Roads in the Wilderness : Conflict in canyon country
Salt Lake City, UT
University of Utah Press
The canyon country of southern Utah and northern Arizona--a celebrated desert of rock and sand punctuated by gorges and mesas--is a region hotly contested among vying and disparate interests, from industrial developers to wilderness preservation advocates. Roads are central to the conflicts raging in an area perceived as one of the last large roadless places in the continental United States. The canyon country in fact contains an extensive network of dirt trails and roads, many originally constructed under the authority of a one-sentence statute in an 1866 mining law, later known as R.S. 2477. While well-groomed and paved roads came to signify the industrialization of the modern age, twentieth century conservationists have regarded roads as intrusive human imprints on the nation's wild lands. Roads connect rural communities, spur economic growth, and in some cases blend harmoniously into the landscape, but they also fracture and divide, disturb wildlife and habitat, facilitate industrial development, and spoil wilderness. Rogers reflects on the meaning of roads amid environmental conflicts that continue to grip the canyon country. Transporting readers from road controversies like the infamous Burr Trail battle to the contentious web of roads in Grand Staircase-Escalante National Monument to off-roading in Arch Canyon, Rogers demonstrates how the conflicts are deeply rooted in history and culture.
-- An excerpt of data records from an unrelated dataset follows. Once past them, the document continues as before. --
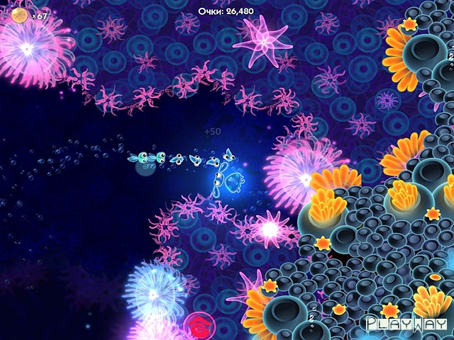 Описание игры: Неон и его команда – это подводные приключения, в которых вы примите непосредственное участие. Двигая курсором, вы будете управлять главным героем, и собирать всех рыбок, которые попадутся вам на пути. Защищайте их от врагов. Если они меньше, чем Неон по размеру, вы сможете уничтожить их, просто налетев. Если они крупнее – очертите круг вокруг них и специальные снаряды постепенно уничтожат соперника. Главное правильно действуйте в таких ситуациях, иначе соперники вас одолеют. А как только найдете ближайший телепорт – сразу же отправляйте туда всех собранных рыбок. За это вы получите целый ряд бонусов и дополнительных очков, за которые сможете приобрести особые магические навыки, которые в будущем помогут вам справиться с этим нелегким заданием.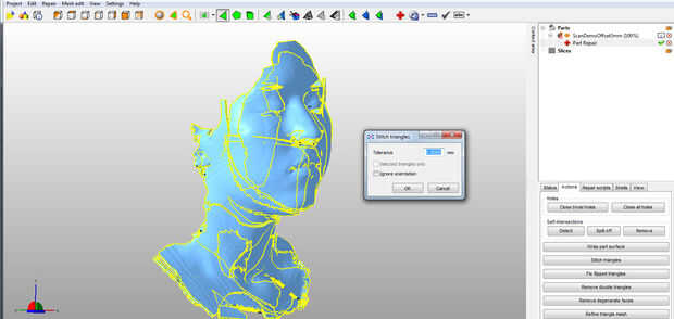 Haga clic en la pestaña de 'Acciones' y haga clic en 'Puntada triángulos'. Esta función busca cantos abiertos que están muy juntas pero desunidas y 'puntadas' les juntos. Una tolerancia que es demasiado alta será resultado en triángulos se agrega en el lugar equivocado, así que elegir el menor valor posible. El número correcto eliminará las líneas discontinuas amarillas en su modelo, sin cambiar la forma de su modelo de ninguna manera. Puede que necesite ejecutar esta función más de una vez, aumentando gradualmente cada vez. El número real que utilice variará dependiendo del tamaño de tu modelo, pero yo suelo utilizar una tolerancia de .5m m o inferior.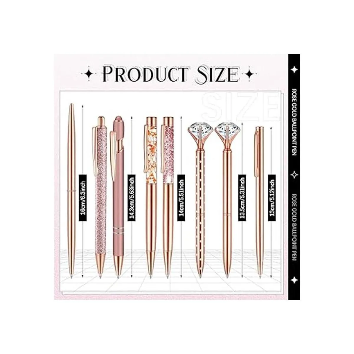 Juego de bolígrafos surtidos: hay 8 bolígrafos de oro rosa en el paquete, que están disponibles en 8 diseños, una pieza para cada diseño; la cantidad abundante y los diseños divertidos pueden satisfacer tus diversas necesidades de uso y reemplazo en la vida diaria

The first permanent Anglo-American settlers in the region were Mormon pioneers and current views about land and resource use in southern Utah often derive from stories about how those pioneer ancestors defied wilderness to found their communities in the desert. "Roads in the Wilderness "will be of interest to environmentalists, historians, and those who live in the American West, challenging readers to think about the canyon country and the stories embedded in the land.